What Are You Thinking?
C.S. Lewis understood that the most decisive battleground of human life is the mind. Long before habits shape behavior or circumstances define outcomes, our thoughts and beliefs quietly form the trajectory of our lives. As Lewis wrote in Mere Christianity, every moral choice we make is not merely an action but a step toward becoming a certain kind of person. Over time, those steps shape the soul itself.
What we repeatedly think, he argued, becomes what we love—and what we love ultimately governs how we live. In this way, belief is never abstract. It is practical, formative, and deeply personal. Our inner dialogue determines whether suffering hardens us or humbles us, whether loss destroys us or redeems us.
Optimism is easy when everything works. Faith is easy when the body is strong and the future feels predictable. But when pain enters—when control is stripped away—we discover that thought is no longer a luxury; it is survival. Lewis himself knew suffering intimately, and he observed that pain does not create belief so much as reveal it. What we truly think about God surfaces when comfort disappears.
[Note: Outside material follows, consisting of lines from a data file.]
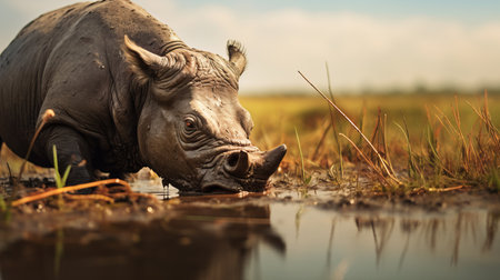 rhino drinking water in the marshes of western red rhinos, captured in the style of joel robison. this 8k frontal perspective photo showcases naturalistic portraiture, making it an eye-catching and explosive wildlife shot. it's no wonder this image was a contest winner. ai generated
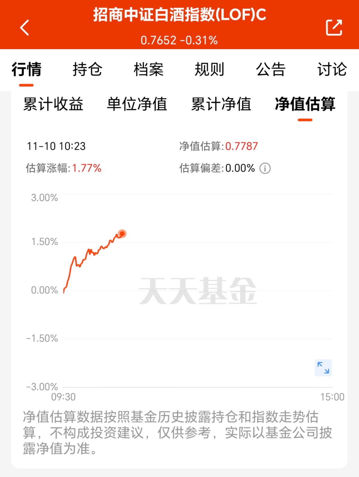 今日A股市场冲高回落,个股出现明显分化行情,从盘面来看,消费龙头白酒继续逆势上涨,其中$招商中证白酒指数(LOF)C(OTCFUND|012414)$目前实时估值大涨1.77%,持仓聚焦于白酒消费龙头企业,在当下备受政策大力支持,从技术面来看,整体呈现W双底形态,当前估值正处于历史低位,安全边界高,所以我准备定投起来了!
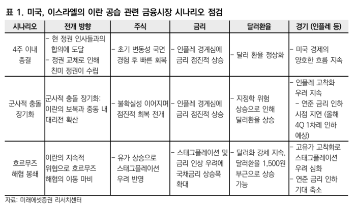 국내 증권가는 금융시장에 미치는 영향이 전쟁의 '지속기간'에 달려 있다고 본다. 미래에셋증권 리서치센터는 △4주 내 종결 시 단기 변동성 이후 회복 △군사 충돌 장기화 시 달러 강세·금리 상승 △호르무즈 해협 봉쇄 시 스태그플레이션 우려 확대라는 시나리오를 제시했다.
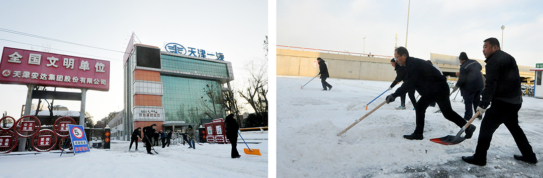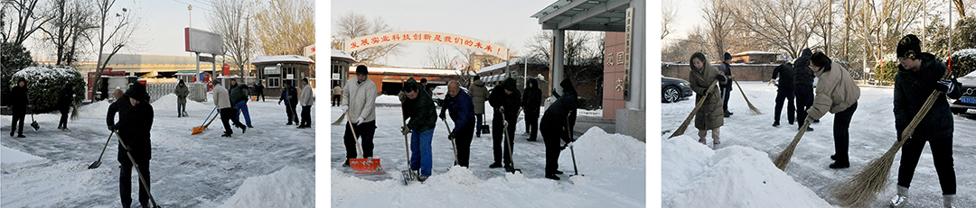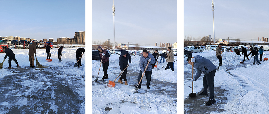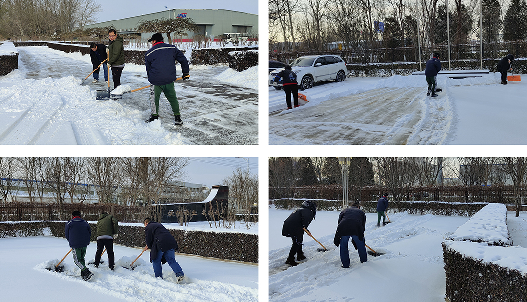 12月14日,降雪覆盖了津城大地。翩然而至的冬雪为城市平添了几分浪漫与诗意,雪景虽美,但也为人们的出行和工作带来诸多不便。为保障员工们安全出行,15日一大早,荣耀体育(中国)集团本部及各子公司厂院内,各单位员工在相关领导带领下,手拿铁锹、扫帚、簸箕等工具,对办公楼门口和厂区内重要点位进行积雪大清扫。在袭袭寒风中,大家顶风除雪,不畏严寒,“浴”雪奋战,一派热火朝天的景象。

Lewis famously wrote that if you aim at heaven, you get earth “thrown in,” but if you aim at earth, you get neither. That’s pretty awesome…and so true for anyone who has tried both approaches. Why do I feel so refreshed when I focus on refreshing others?
In the end, what we think shapes who we become, and the type of world we create for ourselves. And who we become determines how we live, suffer, endure—and hope. Thought is not passive. It is the steering wheel of the soul, it’s the rudder of our ship on earth.
In today’s world, it’s too easy to get so caught up in making a living, that we forget to make our life.
Control your thoughts, control your life.